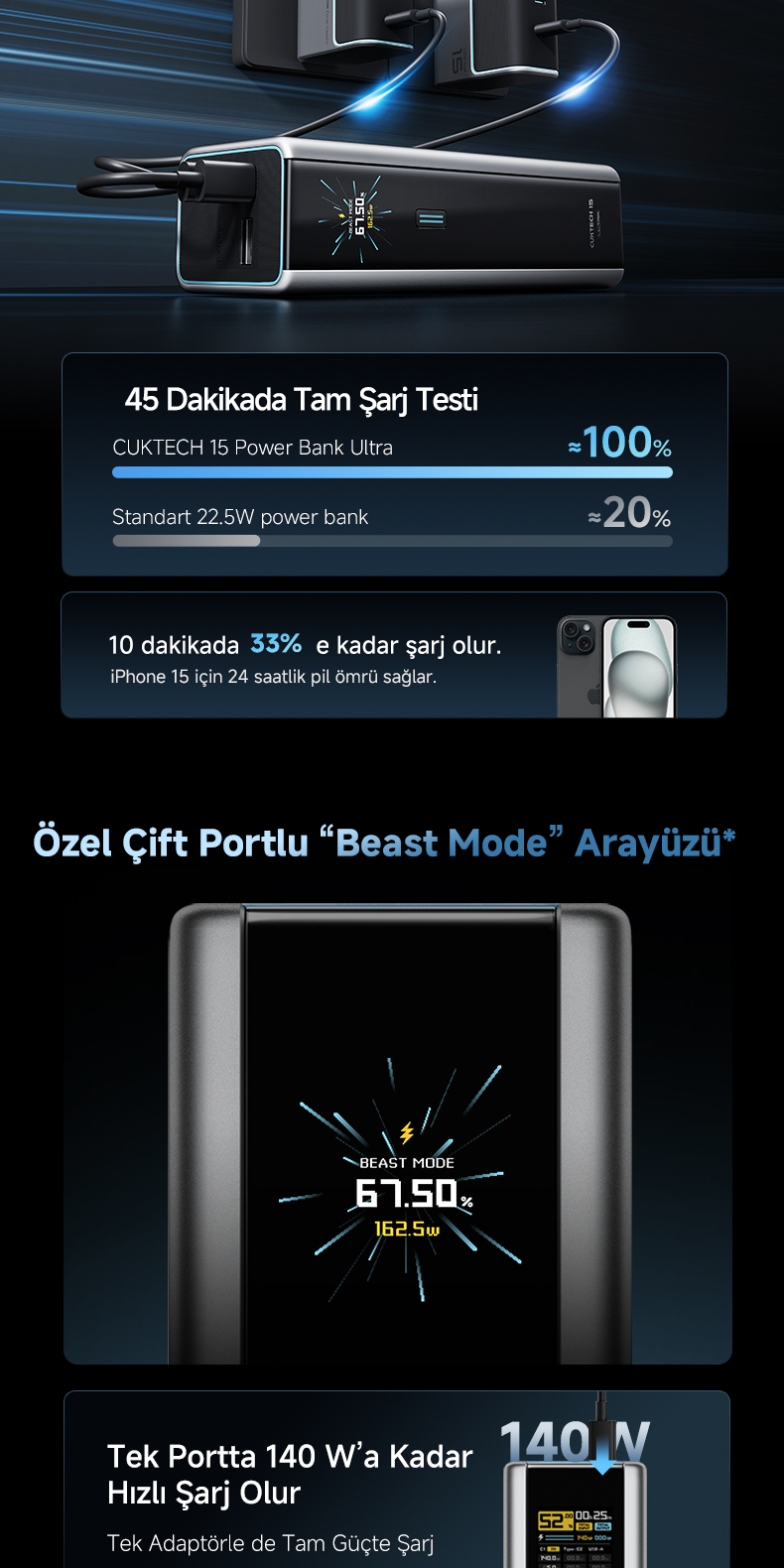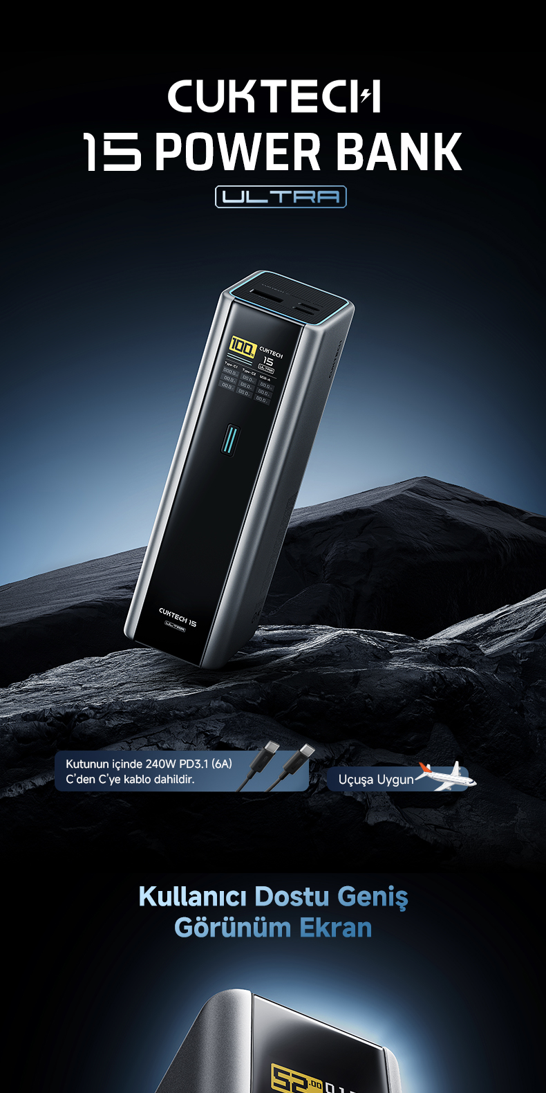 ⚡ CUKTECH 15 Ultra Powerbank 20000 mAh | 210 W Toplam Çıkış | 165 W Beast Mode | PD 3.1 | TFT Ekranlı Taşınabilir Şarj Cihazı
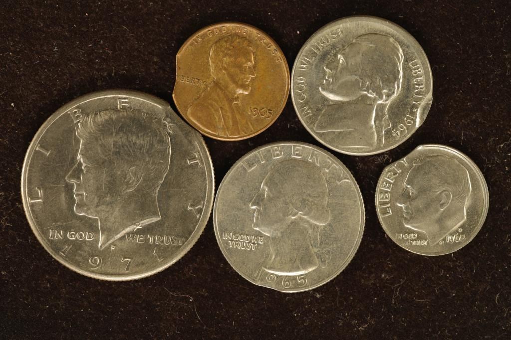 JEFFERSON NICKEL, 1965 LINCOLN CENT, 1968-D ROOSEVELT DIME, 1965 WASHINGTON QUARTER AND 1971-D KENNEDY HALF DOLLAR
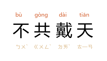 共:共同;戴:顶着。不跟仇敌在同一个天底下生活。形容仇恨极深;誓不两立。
...
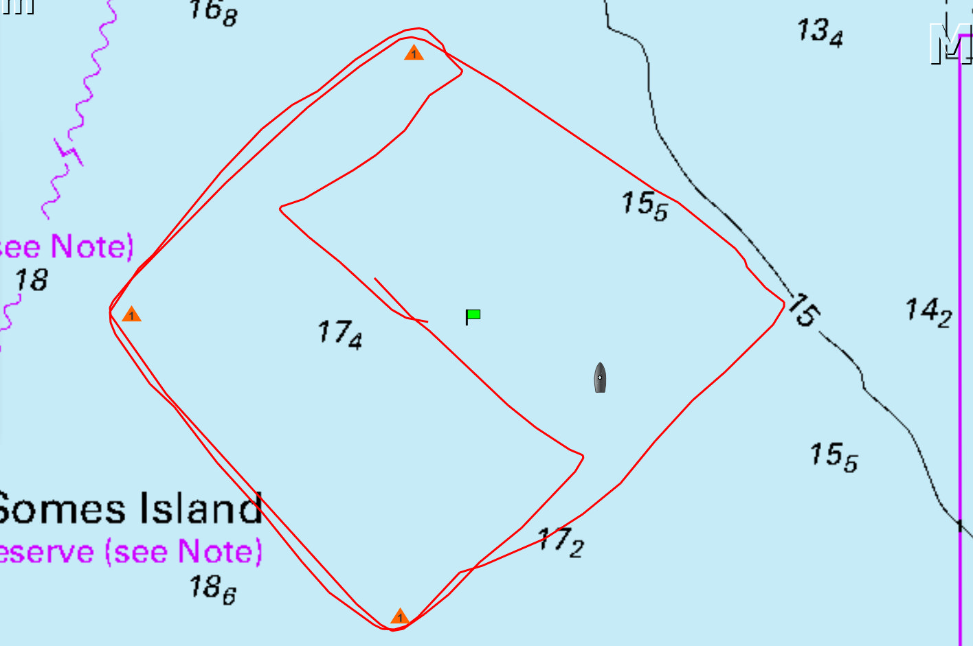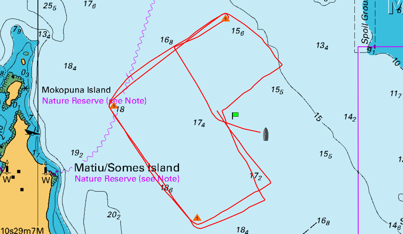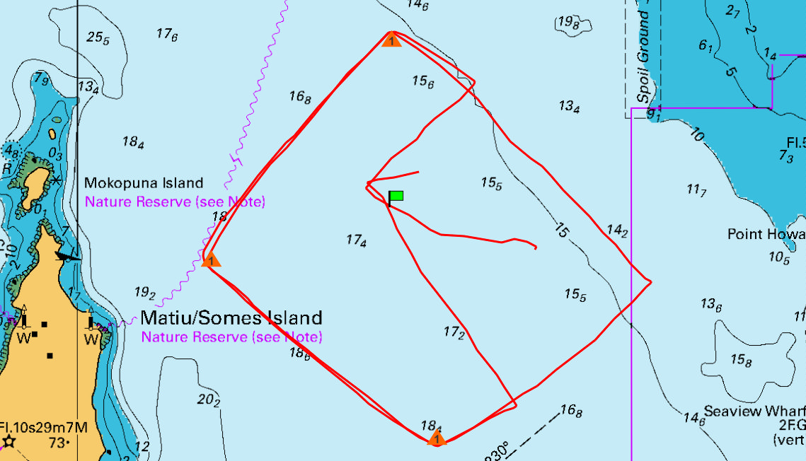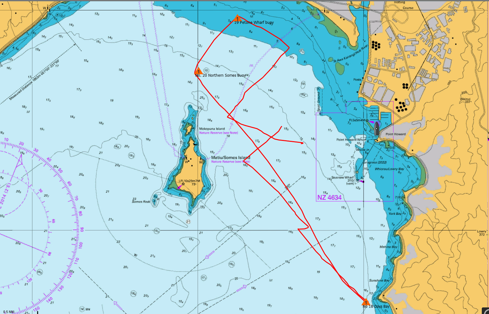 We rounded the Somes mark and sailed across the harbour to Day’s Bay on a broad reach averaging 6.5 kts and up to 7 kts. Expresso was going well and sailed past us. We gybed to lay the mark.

WHAT THE EXERCISE ASKS → Your answer should be the lines above, word for word, from the line with "Taşınabilir Şarj Cihazı" through the line with "共:共同;戴:顶着。不跟仇敌在同一个天底下生活。形容仇恨极深;誓不两立。", minus the pictures.

EXERCISE RESULT →
 ⚡ CUKTECH 15 Ultra Powerbank 20000 mAh | 210 W Toplam Çıkış | 165 W Beast Mode | PD 3.1 | TFT Ekranlı Taşınabilir Şarj Cihazı
 JEFFERSON NICKEL, 1965 LINCOLN CENT, 1968-D ROOSEVELT DIME, 1965 WASHINGTON QUARTER AND 1971-D KENNEDY HALF DOLLAR
 共:共同;戴:顶着。不跟仇敌在同一个天底下生活。形容仇恨极深;誓不两立。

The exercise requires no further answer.